O DREAMLAND!
LINDSAY ANDERSON’S DARK BRITISH CINEMA

Is That All There Is

UK 1994, 52 mins
Director: Lindsay Anderson


A contemporary review
This article, I had better start by saying, will not be an ‘objective’ review of Is That All There Is?, but as personal as the film Lindsay Anderson has made. An old friend, he asked me to write about it – provided, of course, that I liked it – because he said he ‘couldn’t think of anyone else who would fully understand what I’ve tried to express’. And as I like the film very much, I shall try to express here how it affected me, the delayed echo I hear as I write.

In 1971 a soon-to-be-defunct American magazine, Cinema, published a monograph by Lindsay on John Ford – something I had originally commissioned, when I was editor of Sight and Sound, as the first of a projected series on film directors, delayed and then cancelled owing to lack of funds. In the introduction that Cinema asked me to write, I noted – from the vantage point of a California expatriate – that Lindsay had always been far more ‘British’ than myself: ‘He is impatient and sometimes furious, but remains deeply attached.
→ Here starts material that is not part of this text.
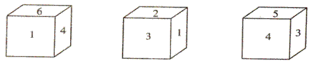 7、有一正方体,六个面上分别写有数字1、2、3、4、5、6,有三个人从不同的角度观察的结果如图所示.如果记3的对面的数字为m,4的对面的数字为n,那么m+n的值为 ( )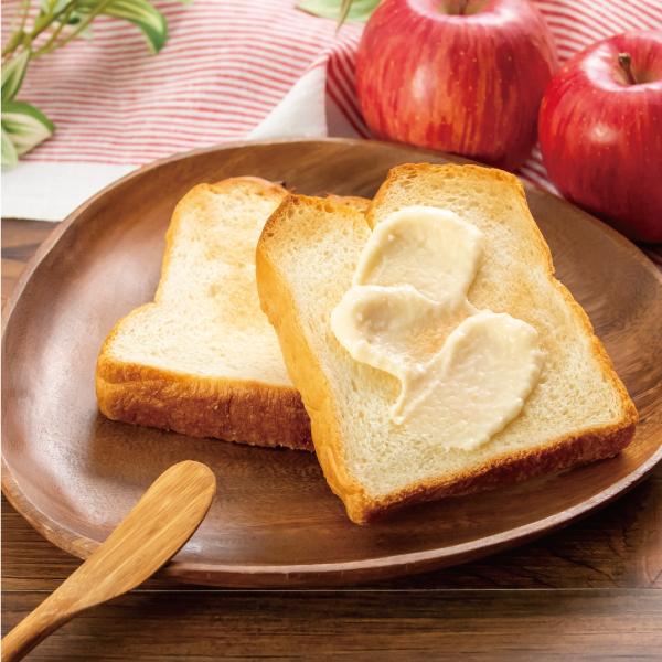 果実のもつ自然な甘さ、酸味、ジューシーさを活かしたりんごの果肉に濃厚なバターを合わせることでコクのあるフルーツバタージャムの完成。

He will always live there, I guess, because like Ford he loves the idea of solid, far-reaching roots, and like Ford he is fundamentally a secret person. Exile involves self-exposure…’

Well. Lindsay still lives in Britain, of course, but he’s a kind of exile anyway. And Is That All There Is? tells me first of all, with a degree of self-exposure new in his work, how he feels about it. The film was commissioned by BBC Scotland as part of a series called
The Director’s Place; there were no guidelines, just a request for a 50 minute account of how he lived and worked. At first, having no idea what was expected of him, he felt disconcerted. But it was finally liberating. The film creates its own unexpected form, a kind of controlled free association. One episode follows another, seemingly isolated, but in fact linked by a subtext.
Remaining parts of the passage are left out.